**ACTION ITEM**
Nothing but the text of the listing, repeated exactly, belongs in the answer; leave the images out.
:: PROVIDED ENTRIES ::
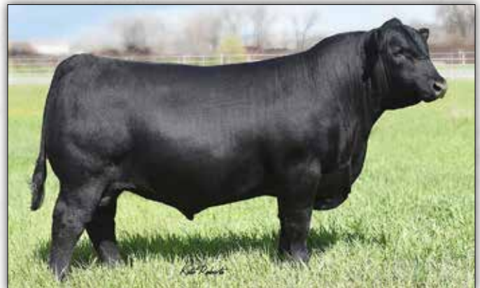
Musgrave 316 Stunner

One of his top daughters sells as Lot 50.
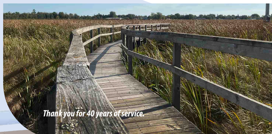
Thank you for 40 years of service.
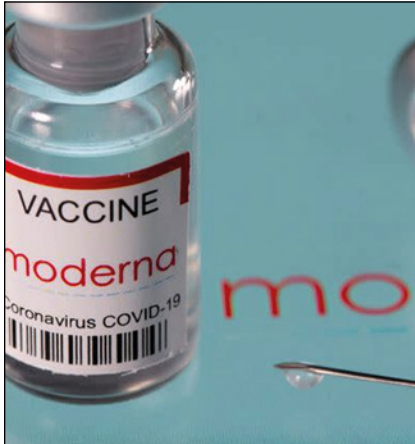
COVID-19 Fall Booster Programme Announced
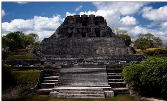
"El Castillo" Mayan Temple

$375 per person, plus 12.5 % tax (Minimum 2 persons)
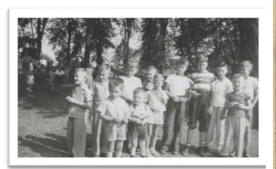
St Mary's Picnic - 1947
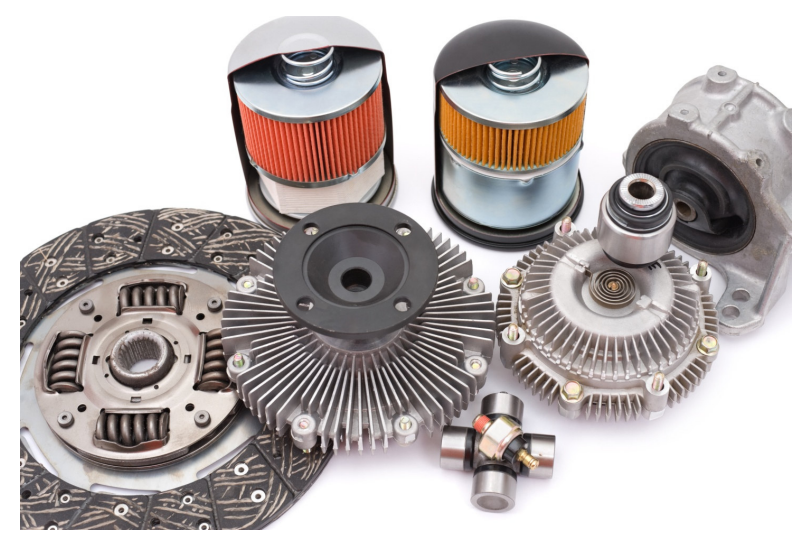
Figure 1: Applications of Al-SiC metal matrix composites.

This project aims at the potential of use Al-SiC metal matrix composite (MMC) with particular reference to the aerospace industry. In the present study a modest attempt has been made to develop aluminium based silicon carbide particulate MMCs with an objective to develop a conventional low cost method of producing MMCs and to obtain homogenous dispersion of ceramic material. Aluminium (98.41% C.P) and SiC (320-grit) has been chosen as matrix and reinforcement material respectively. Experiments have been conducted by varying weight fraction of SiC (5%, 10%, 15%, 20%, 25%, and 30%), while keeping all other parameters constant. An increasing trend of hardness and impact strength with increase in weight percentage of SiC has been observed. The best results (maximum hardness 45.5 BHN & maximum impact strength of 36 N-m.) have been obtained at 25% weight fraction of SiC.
:::
**SOLUTION TO THE EXERCISE**
Musgrave 316 Stunner

One of his top daughters sells as Lot 50.
Thank you for 40 years of service.
COVID-19 Fall Booster Programme Announced
"El Castillo" Mayan Temple

$375 per person, plus 12.5 % tax (Minimum 2 persons)
St Mary's Picnic - 1947
Figure 1: Applications of Al-SiC metal matrix composites.

This project aims at the potential of use Al-SiC metal matrix composite (MMC) with particular reference to the aerospace industry. In the present study a modest attempt has been made to develop aluminium based silicon carbide particulate MMCs with an objective to develop a conventional low cost method of producing MMCs and to obtain homogenous dispersion of ceramic material. Aluminium (98.41% C.P) and SiC (320-grit) has been chosen as matrix and reinforcement material respectively. Experiments have been conducted by varying weight fraction of SiC (5%, 10%, 15%, 20%, 25%, and 30%), while keeping all other parameters constant. An increasing trend of hardness and impact strength with increase in weight percentage of SiC has been observed. The best results (maximum hardness 45.5 BHN & maximum impact strength of 36 N-m.) have been obtained at 25% weight fraction of SiC.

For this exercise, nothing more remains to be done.